→ WORK ORDER: Tally up the lines in the following entries where the string "Sleeveless" appears, and answer with the number alone.

———

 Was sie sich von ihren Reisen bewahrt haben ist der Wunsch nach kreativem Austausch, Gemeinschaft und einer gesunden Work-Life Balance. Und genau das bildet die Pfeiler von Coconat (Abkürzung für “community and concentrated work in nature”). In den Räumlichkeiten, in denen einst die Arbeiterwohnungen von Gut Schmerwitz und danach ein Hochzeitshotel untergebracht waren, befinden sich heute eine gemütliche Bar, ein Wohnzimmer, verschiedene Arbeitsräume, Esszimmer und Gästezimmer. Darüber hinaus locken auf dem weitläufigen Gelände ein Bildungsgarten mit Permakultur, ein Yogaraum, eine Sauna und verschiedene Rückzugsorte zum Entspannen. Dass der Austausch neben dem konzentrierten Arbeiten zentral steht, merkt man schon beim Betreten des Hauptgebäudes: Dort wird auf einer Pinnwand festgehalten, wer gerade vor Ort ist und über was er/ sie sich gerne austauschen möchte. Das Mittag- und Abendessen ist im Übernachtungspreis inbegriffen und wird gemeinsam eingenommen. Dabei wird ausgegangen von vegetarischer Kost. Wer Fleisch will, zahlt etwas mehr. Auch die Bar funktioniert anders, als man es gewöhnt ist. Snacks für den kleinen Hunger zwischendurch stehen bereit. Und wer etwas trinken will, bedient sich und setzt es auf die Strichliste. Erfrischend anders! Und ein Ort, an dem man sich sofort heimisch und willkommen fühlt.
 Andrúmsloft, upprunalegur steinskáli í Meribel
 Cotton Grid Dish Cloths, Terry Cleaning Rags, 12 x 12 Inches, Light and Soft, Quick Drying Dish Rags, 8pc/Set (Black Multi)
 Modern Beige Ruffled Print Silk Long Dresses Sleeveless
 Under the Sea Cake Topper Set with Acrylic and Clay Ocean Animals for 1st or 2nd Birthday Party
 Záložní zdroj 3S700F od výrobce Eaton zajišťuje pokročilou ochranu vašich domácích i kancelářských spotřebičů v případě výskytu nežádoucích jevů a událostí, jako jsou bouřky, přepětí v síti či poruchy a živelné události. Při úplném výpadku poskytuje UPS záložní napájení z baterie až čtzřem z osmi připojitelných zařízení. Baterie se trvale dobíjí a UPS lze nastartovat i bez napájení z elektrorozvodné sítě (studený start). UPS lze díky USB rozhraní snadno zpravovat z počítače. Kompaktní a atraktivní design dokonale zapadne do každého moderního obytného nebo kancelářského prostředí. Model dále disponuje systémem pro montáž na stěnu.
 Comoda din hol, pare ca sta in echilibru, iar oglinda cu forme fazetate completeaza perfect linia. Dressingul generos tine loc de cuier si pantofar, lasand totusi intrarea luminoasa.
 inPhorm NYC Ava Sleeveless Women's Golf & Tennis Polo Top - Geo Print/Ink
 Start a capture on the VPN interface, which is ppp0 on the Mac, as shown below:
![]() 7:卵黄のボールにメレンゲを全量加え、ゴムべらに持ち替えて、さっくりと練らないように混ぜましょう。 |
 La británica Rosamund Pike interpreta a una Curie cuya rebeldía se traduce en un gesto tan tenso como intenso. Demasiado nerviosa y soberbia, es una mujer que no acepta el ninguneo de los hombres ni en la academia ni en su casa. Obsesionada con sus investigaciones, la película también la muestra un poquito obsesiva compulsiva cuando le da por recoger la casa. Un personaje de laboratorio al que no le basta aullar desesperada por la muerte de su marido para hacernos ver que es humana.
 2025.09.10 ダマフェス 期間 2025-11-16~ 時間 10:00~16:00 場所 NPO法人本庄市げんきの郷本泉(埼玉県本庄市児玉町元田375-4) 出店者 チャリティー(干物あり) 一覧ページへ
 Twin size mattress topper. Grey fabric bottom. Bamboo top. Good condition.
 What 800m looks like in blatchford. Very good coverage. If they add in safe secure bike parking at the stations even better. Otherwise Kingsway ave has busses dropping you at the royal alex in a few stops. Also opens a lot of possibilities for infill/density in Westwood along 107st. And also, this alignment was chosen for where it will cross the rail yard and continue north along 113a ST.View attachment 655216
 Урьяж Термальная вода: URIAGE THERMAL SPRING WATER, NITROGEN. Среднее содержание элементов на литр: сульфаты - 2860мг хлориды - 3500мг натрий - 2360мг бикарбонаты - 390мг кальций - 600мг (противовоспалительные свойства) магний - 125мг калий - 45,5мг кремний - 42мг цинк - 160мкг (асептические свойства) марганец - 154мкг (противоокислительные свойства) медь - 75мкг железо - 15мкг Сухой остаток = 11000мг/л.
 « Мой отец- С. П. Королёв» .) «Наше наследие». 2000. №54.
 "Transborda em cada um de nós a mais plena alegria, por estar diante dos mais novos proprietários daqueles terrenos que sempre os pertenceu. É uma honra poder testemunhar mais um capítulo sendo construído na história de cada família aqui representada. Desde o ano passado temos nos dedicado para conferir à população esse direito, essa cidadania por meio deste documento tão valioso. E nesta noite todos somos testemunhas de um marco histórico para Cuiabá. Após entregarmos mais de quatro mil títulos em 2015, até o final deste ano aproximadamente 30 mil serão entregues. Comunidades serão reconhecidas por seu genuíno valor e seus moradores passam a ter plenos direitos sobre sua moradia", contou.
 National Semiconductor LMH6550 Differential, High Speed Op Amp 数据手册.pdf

———

→ OUTPUT FOR THIS EXERCISE: 2